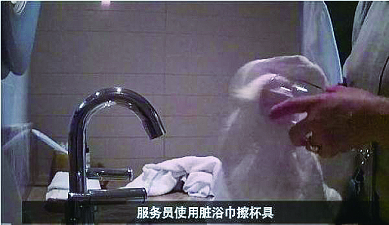 在其提供的视频素材中,十数家五星级酒店的保洁工作存在不同程度的问题。其中,没有对杯具进行消毒,而是直接拿用过的客用毛巾擦洗,没有专用清洁布,一布多用,洗手池、杯具、甚至马桶混用一布,是普遍存在的现象。
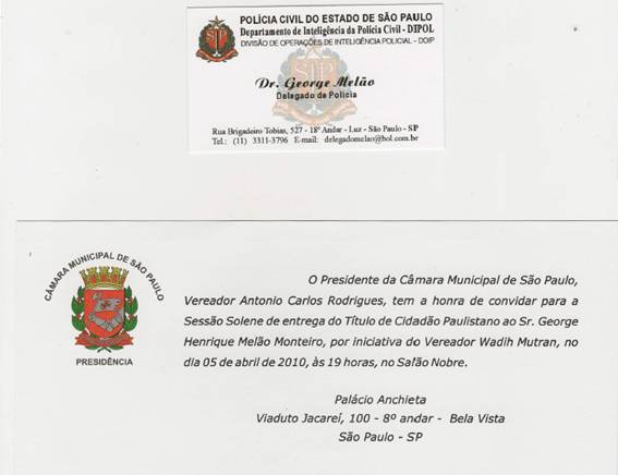 É com grande honra que os convido para que compareçam a cerimônia que ocorrerá no dia 05 de abril de 2010 as 19:00 hs, ocasião em que o nosso colega MELÃO receberá no salão nobre da Câmara Municipal o título de CIDADÃO PAULISTANO.
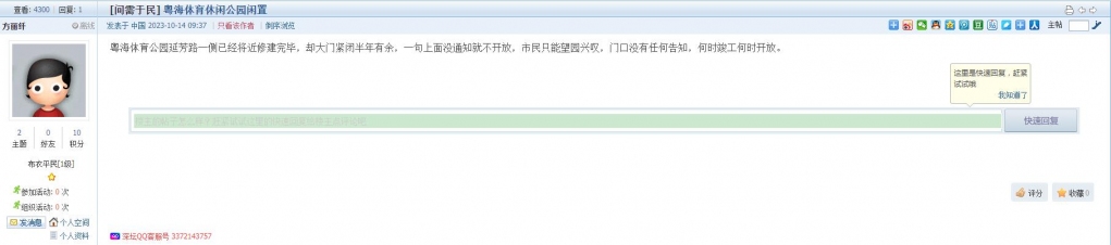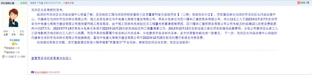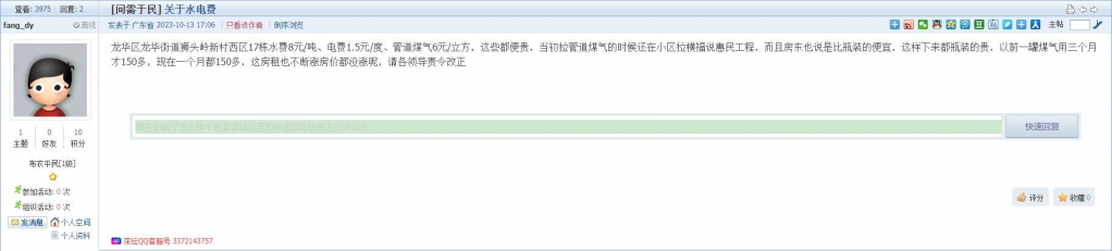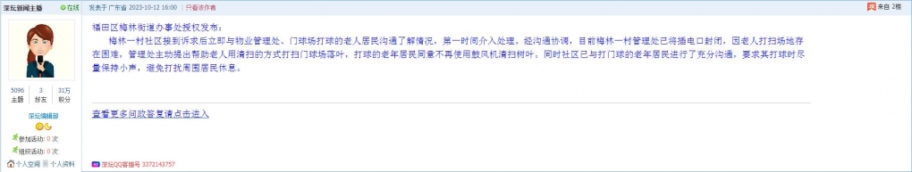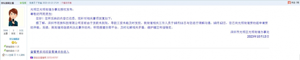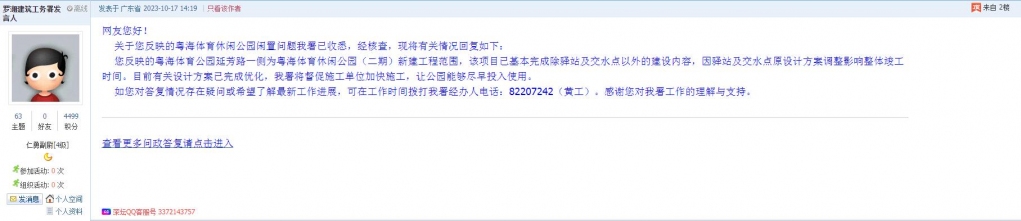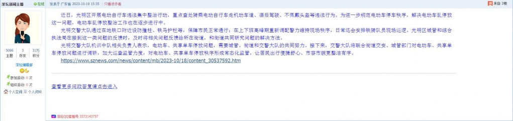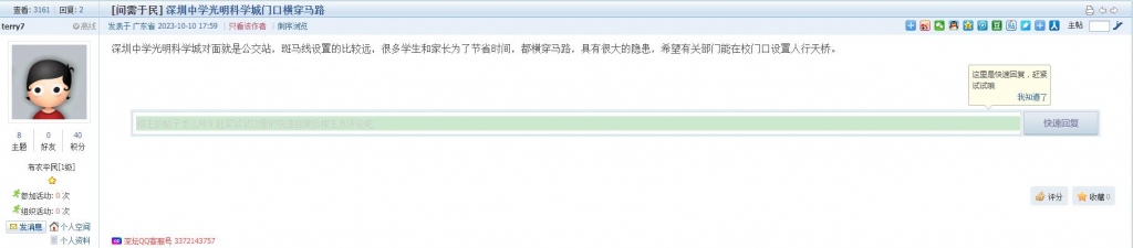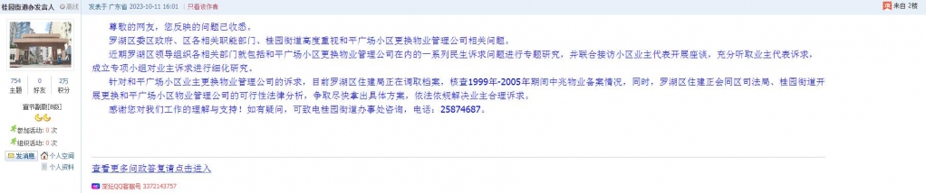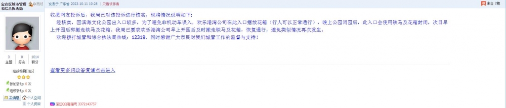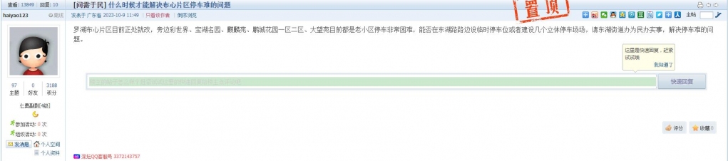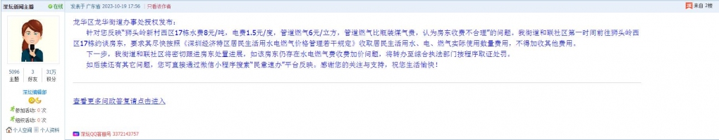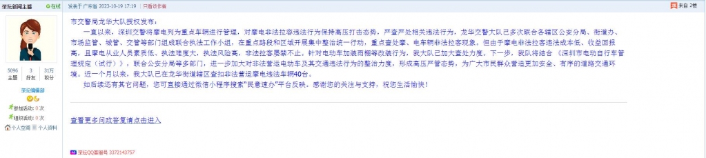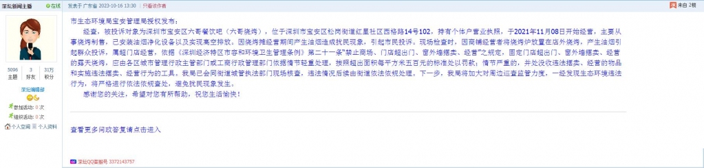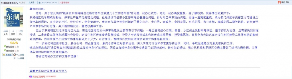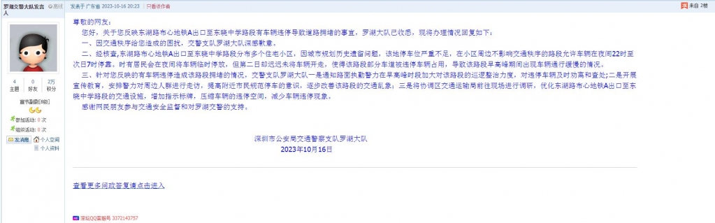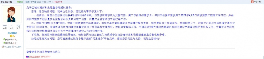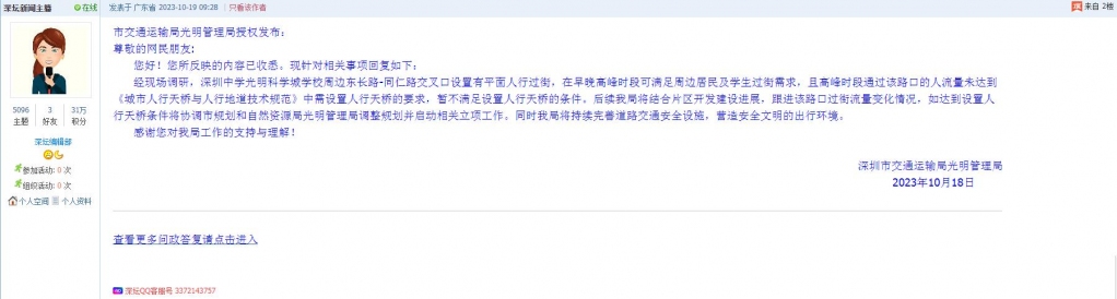 各职能单位如需对网友反映的问题进行回应,可在深圳论坛注册官方账号并通过认证,回帖进行回应。

########

### TASK DIRECTIONS
Return the material above verbatim, minus the pictures.

### EXERCISE ANSWER
 在其提供的视频素材中,十数家五星级酒店的保洁工作存在不同程度的问题。其中,没有对杯具进行消毒,而是直接拿用过的客用毛巾擦洗,没有专用清洁布,一布多用,洗手池、杯具、甚至马桶混用一布,是普遍存在的现象。
 É com grande honra que os convido para que compareçam a cerimônia que ocorrerá no dia 05 de abril de 2010 as 19:00 hs, ocasião em que o nosso colega MELÃO receberá no salão nobre da Câmara Municipal o título de CIDADÃO PAULISTANO.
 各职能单位如需对网友反映的问题进行回应,可在深圳论坛注册官方账号并通过认证,回帖进行回应。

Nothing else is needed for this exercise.